• [Instructions for the task]:
Every line from the one holding "Dans la continuité" through the one holding "- 대출자격: 일반부동산(상가, 오피스텔, 나대지" in the data below must be returned exactly, both ends included, with pictures left out and nothing else added.

● ● ● ●

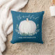 Esta elegante almohada tipográfica personalizada está decorada con una calabaza acuática y un eucalipto verde sobre un fondo azul verde azulado. Dice "Agradecido" en tipografía de escritura elegante. Personalizable fácil. Acuarela original © Michele Davies.
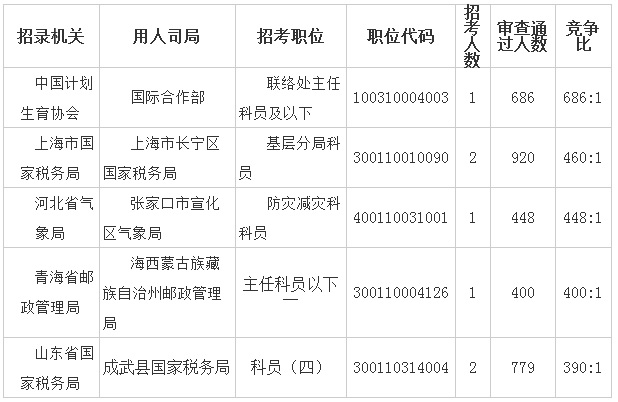 目前競爭最激烈的職位來自中國計劃生育協會國際合作部聯絡處主任科員及以下(職位代碼100310004003)這一職位,僅招錄1人,目前已有686人報名。
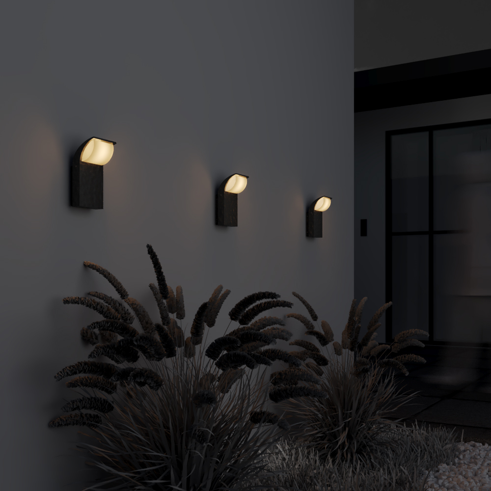 Материал корпуса - алюминий, цвет - графит. Белый матовый рассеиватель. LED-источник света. Цветовая температура 3000К. Наличие встроенного датчика движения у настенной модели. Степень защииты IP65 и IP44 настенной модели с датчиком движения.
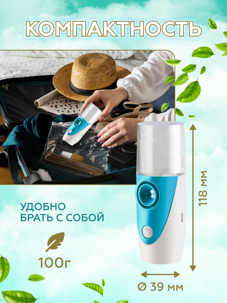Ингалятор небулайзер детский/взрослый портативный, бесшумный, паровой, аккумуляторный, переносной с насадками/от простуды, для профилактики и лечения заболеваний носа и горла интересное:
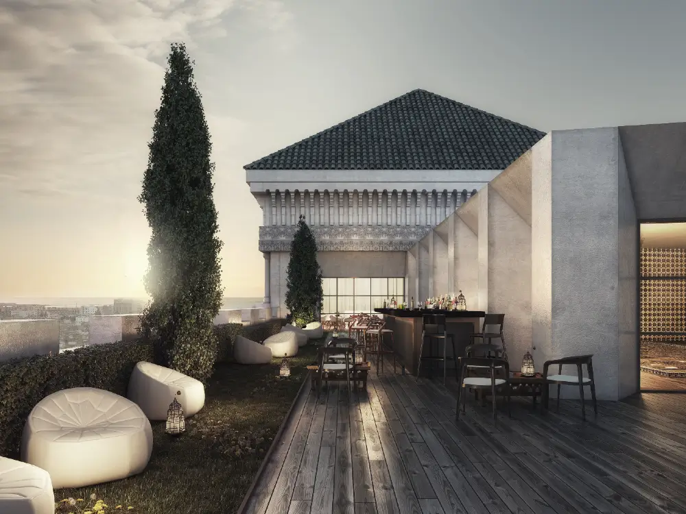 Dans la continuité des efforts du groupe REALITES pour la réhabilitation de la façade, nous avons choisi des matériaux locaux traditionnels, mettant à l’honneur les matières naturelles (comme terre cuite, travail du bois, terrazzo, zelliges, etc.) et leur réinterprétation contemporaine alliée au confort apporté par les technologies actuelles.
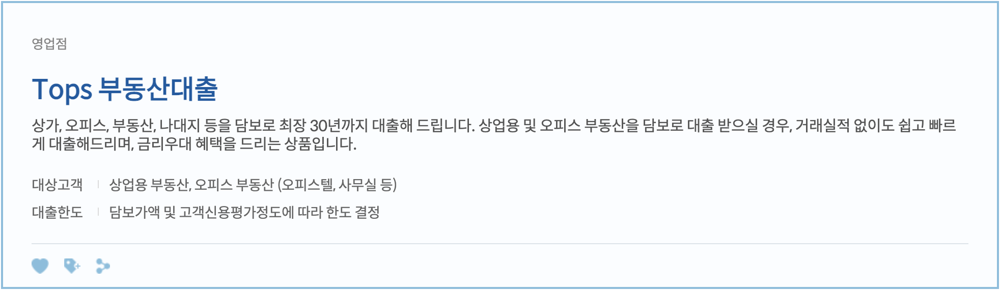 - 대출자격: 일반부동산(상가, 오피스텔, 나대지 등)을 담보로 대출 신청하는 고객
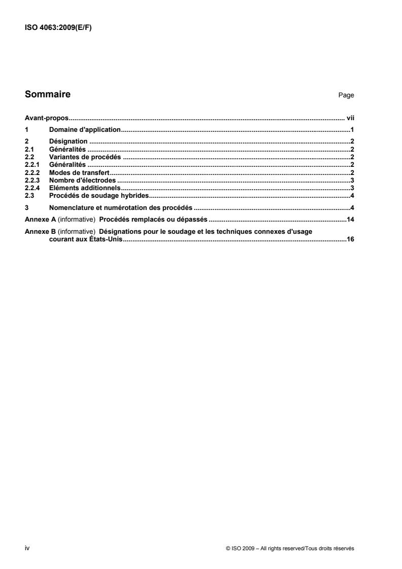 L'ISO 4063:2009 établit une nomenclature, avec des numéros de référence, pour les procédés de soudage et les techniques connexes; chaque procédé est identifié par un numéro de référence. L'ISO 4063:2009 couvre les groupes principaux de procédés (un chiffre), les groupes (deux chiffres) et les sous-groupes (trois chiffres). Le numéro de référence pour un procédé donné comporte au maximum trois chiffres. Ce système est prévu pour faciliter l'informatisation, les dessins et les documents de travail, les descriptifs de modes opératoires de soudage, etc.

● ● ● ●

• [Solution]:
 Dans la continuité des efforts du groupe REALITES pour la réhabilitation de la façade, nous avons choisi des matériaux locaux traditionnels, mettant à l’honneur les matières naturelles (comme terre cuite, travail du bois, terrazzo, zelliges, etc.) et leur réinterprétation contemporaine alliée au confort apporté par les technologies actuelles.
 - 대출자격: 일반부동산(상가, 오피스텔, 나대지 등)을 담보로 대출 신청하는 고객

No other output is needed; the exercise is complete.